While neither will be the first in their respective niches, they offer different takes on each sector that set them apart from their competitors. The funds are: the Global Progressive Transportation Portfolio (NASDAQ: PTRP) and the Global Biotech Portfolio (Nasdaq: PBTQ).
New Transportation ETF
PTRP enters as a direct competitor to the iShares Dow Jones Transportation Average Index (NYSEArca: IYT). It will also no doubt grab some attention from investors interested in the recently opened Claymore Securities Claymore/Delta Global Shipping ETF (NYSEArca: SEA).

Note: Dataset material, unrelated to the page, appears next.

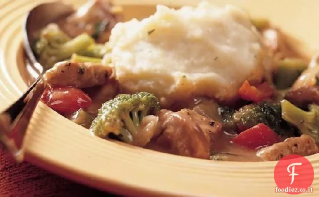 Aggiungere l'uovo; frusta con la forchetta fino a che liscio. Spoon le patate sopra la miscela di maiale bollente. Coprire e riscaldare per 5 minuti.

But PTRP has an energy twist. The PowerShares transportation ETF is based on the Nasdaq OMX Wilder Global Efficient Transportation Index. It's targeting, among other emerging technologies, the makers of lithium batteries and fuel cell technology. The index also includes companies such as scooter maker Vespa and bicycle manufacturer Shimano, as well as companies in the public transportation area.
IYT mirrors the Dow Jones Transportation Index, which is concentrated in 21 stocks and in which the trucking, railroad and freight sectors dominate. Its top holdings as of Aug. 31 included: Burlington Northern, Federal Express, Union Pacific, United Parcel Service, Overseas ShipholdingGroup and Norfolk Southern.
Another notable difference between IYT and PTRP is the new ETF's global orientation. PTRP holds approximately 42% of its assets in U.S. stocks. That's the largest country concentration in the fund, with Canada holding the second-greatest country weight (10%), followed by Taiwan (7.8%) and Japan (7.3%).
By contrast, IYT's benchmark is comprised solely of U.S. companies.
In each of the new PowerShares fund's four main sectors—alternative vehicles, rail and subway systems, transportation, innovation and intermodal—PTRP's index has holdings from South America, Europe and Asia along with North America. It is also equal-weighted across the four sectors.
The new Claymore Securities shipping ETF is also global in nature (see related story).
Not to leave any confusion in the minds of investors, however, PTRP is not a clean energy or sustainability play in terms of its competitive positioning in the market, like the three existing PowerShares clean energy funds based on indexes from WilderShares LLC. It is a transportation fund, first and foremost, and that can be clearly seen in the index's second level of holdings, where "old" transportation abounds, including railroad heavyweights CSX and Union Pacific. A notable exception comes in the transportation area where there's an absence of any car manufacturers, even hybrid leaders Toyota and Honda Motor Co.
Rob Wilder, chief executive of index provider WilderShares, says among car manufacturers, Honda would be the most likely to be added to the index first, and there will be room, in general, for the inclusion of the makers of small hybrid cars and plug-in cars.